◆ What is needed
Look for the line with "Робіть віджимання від" in the entries below, then extract that line and all lines after it exactly, with pictures left out.

(Collected data entries)
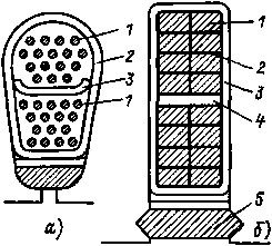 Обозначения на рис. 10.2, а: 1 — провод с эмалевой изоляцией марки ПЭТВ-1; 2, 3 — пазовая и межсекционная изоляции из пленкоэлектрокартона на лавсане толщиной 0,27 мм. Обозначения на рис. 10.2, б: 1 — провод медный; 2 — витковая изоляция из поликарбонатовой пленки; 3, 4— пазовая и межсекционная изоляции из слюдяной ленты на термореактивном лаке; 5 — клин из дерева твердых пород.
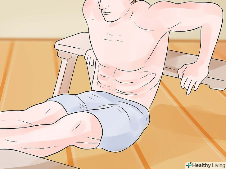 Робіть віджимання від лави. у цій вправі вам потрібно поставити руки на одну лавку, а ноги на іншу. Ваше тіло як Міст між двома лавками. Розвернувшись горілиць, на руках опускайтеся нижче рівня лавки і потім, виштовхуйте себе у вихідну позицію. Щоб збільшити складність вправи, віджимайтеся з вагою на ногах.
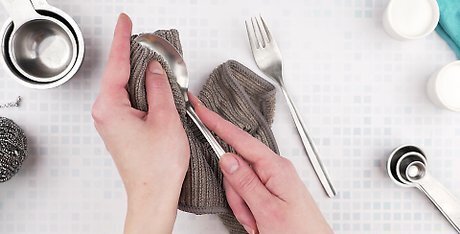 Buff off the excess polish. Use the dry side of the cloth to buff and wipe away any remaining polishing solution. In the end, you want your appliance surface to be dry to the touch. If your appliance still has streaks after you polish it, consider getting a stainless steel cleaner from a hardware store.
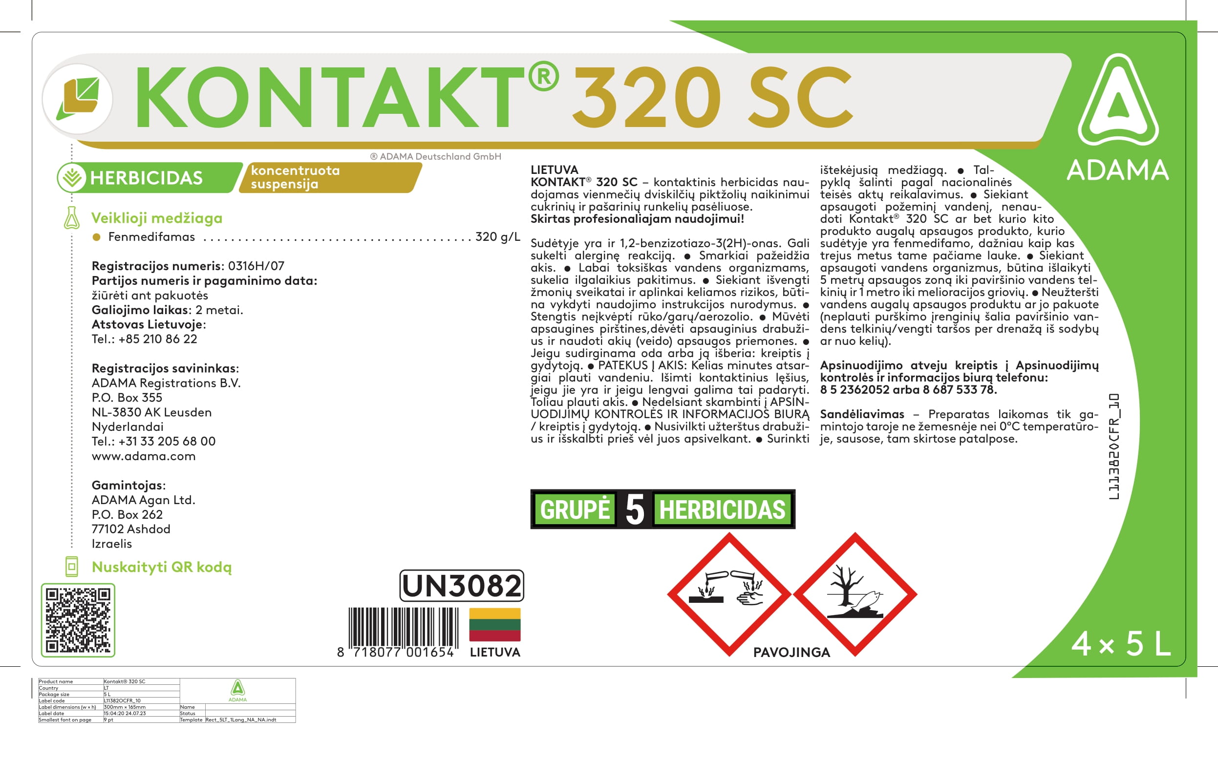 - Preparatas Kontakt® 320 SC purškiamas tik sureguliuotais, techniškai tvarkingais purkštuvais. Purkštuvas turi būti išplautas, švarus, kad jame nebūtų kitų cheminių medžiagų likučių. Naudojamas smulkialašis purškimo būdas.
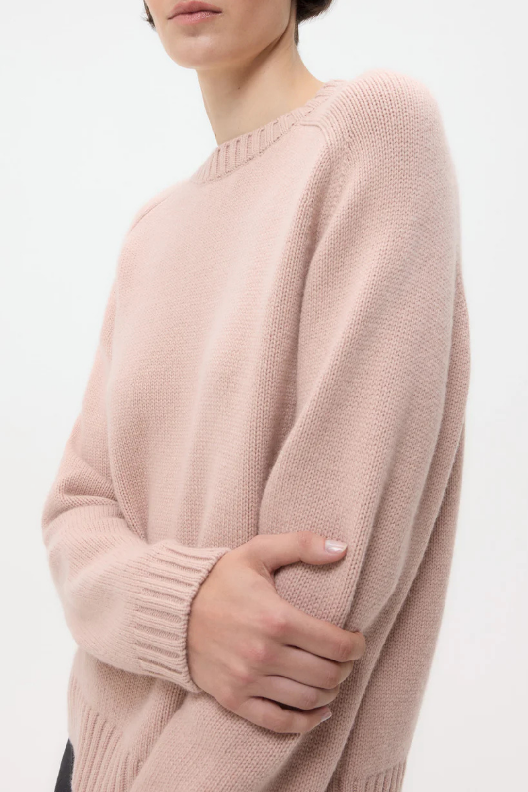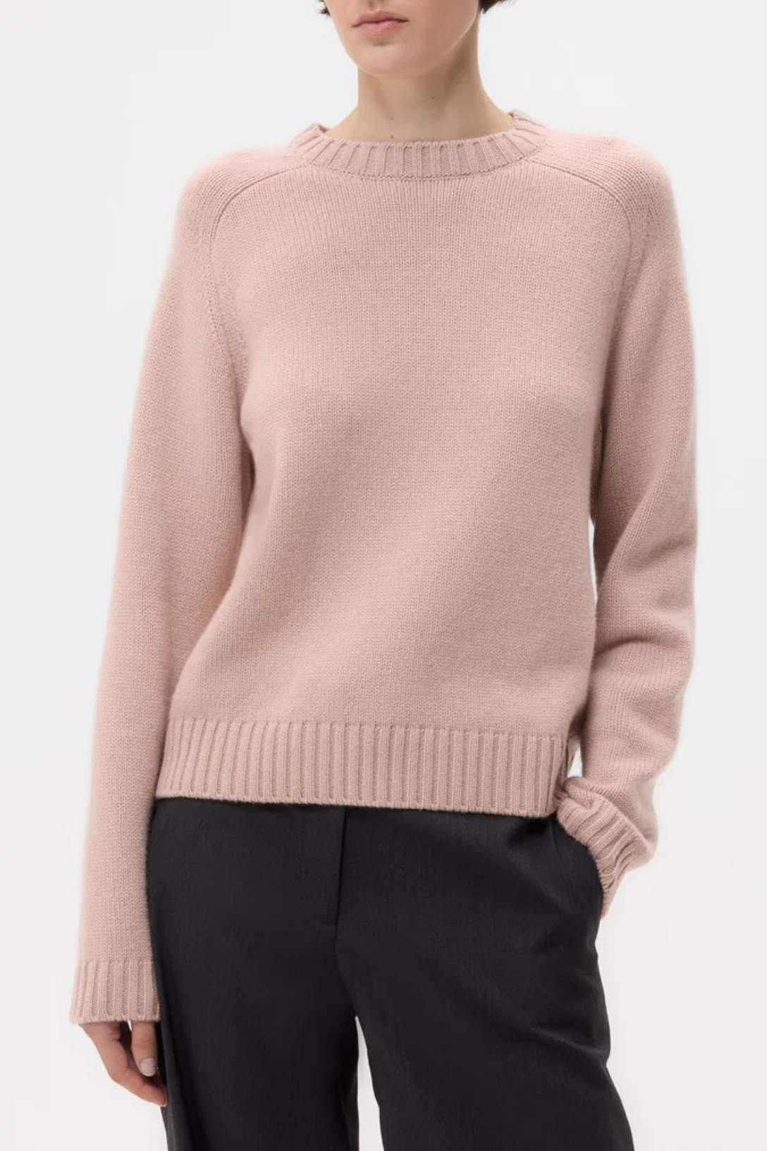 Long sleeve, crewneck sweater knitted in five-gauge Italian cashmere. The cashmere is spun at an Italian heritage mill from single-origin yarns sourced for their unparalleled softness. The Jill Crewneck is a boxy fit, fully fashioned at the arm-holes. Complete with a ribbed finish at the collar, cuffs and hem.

◆ Task answer
 Робіть віджимання від лави. у цій вправі вам потрібно поставити руки на одну лавку, а ноги на іншу. Ваше тіло як Міст між двома лавками. Розвернувшись горілиць, на руках опускайтеся нижче рівня лавки і потім, виштовхуйте себе у вихідну позицію. Щоб збільшити складність вправи, віджимайтеся з вагою на ногах.
 Buff off the excess polish. Use the dry side of the cloth to buff and wipe away any remaining polishing solution. In the end, you want your appliance surface to be dry to the touch. If your appliance still has streaks after you polish it, consider getting a stainless steel cleaner from a hardware store.
 - Preparatas Kontakt® 320 SC purškiamas tik sureguliuotais, techniškai tvarkingais purkštuvais. Purkštuvas turi būti išplautas, švarus, kad jame nebūtų kitų cheminių medžiagų likučių. Naudojamas smulkialašis purškimo būdas.
 Long sleeve, crewneck sweater knitted in five-gauge Italian cashmere. The cashmere is spun at an Italian heritage mill from single-origin yarns sourced for their unparalleled softness. The Jill Crewneck is a boxy fit, fully fashioned at the arm-holes. Complete with a ribbed finish at the collar, cuffs and hem.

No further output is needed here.